Hyderabad-based pharmaceutical company Bharat Biotech on Friday said it had successfully conducted clinical trials of its potential coronavirus vaccine, or Covaxin, on animals. The company said no adverse effects were seen in animals who were immunised with a two-dose regimen of the vaccine.

In a statement released on Friday, the pharmaceutical firm said the data from the study on primates substantiate the immunogenicity of Covaxin. It added that the results demonstrated the protective efficacy of the vaccine in a live viral challenge model.

The company said a two-dose vaccination regimen of inactivated SARS-CoV-2 vaccine candidates was administered in rhesus macaques, a species of the Old World Monkey. Twenty macaques were divided into four groups of five animals each.

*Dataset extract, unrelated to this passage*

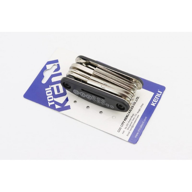 Ключ-набір 15 предметів (шестигранники 2,2.5,3,4,5,6 мм, спицевий ключ, викрутки пряма та фігурна, головки 8,9,10 мм, гайкові ключі 8,10,15 мм), KL-9802 KENLI в магазині Veloson

While one group was administered with the placebo, three groups were immunised with three different vaccine candidates at zero and 14 days. All the macaques were exposed to viral challenge 14 days after they were given the second dose.

“The results showed protective efficacy, increasing SARS-CoV-2 specific IgG and neutralizing antibodies, reducing replication of the virus in the nasal cavity, throat, and lung tissues of monkey,” the statement added. “No evidence of pneumonia was observed by histopathological examination in vaccinated groups, unlike the placebo group.”

“To summarize, the vaccine candidate was found to generate robust immune response,” Bharat Biotech added. “Thus, preventing infection and disease in the primates upon high amounts of exposure to live SARS-CoV-2 virus.”

The human clinical trials of Bharat Biotech’s experimental vaccine are also underway. It was the first indigenous vaccine candidate to get the Drug Controller General of India’s approval forPhase I and Phase II clinical trials on June 29. On July 3, the Indian Council for Medical Research wrote to 12 hospitals and medical institutions to speed up the trial process and launch Covaxin by August 15 for public use. The move was decried by health and medical experts who said the ICMR’s proposed timeline would compromise patient safety and ethics.

Covaxin was developed by Bharat Biotech in collaboration with the Indian Council of Medical Research and the National Institute of Virology. It is an inactivated vaccine created from a strain of the infectious SARS-CoV-2 virus. Inactivated vaccines use the killed version of the germ that causes a disease. It helps the immune system mount an antibody response towards virus.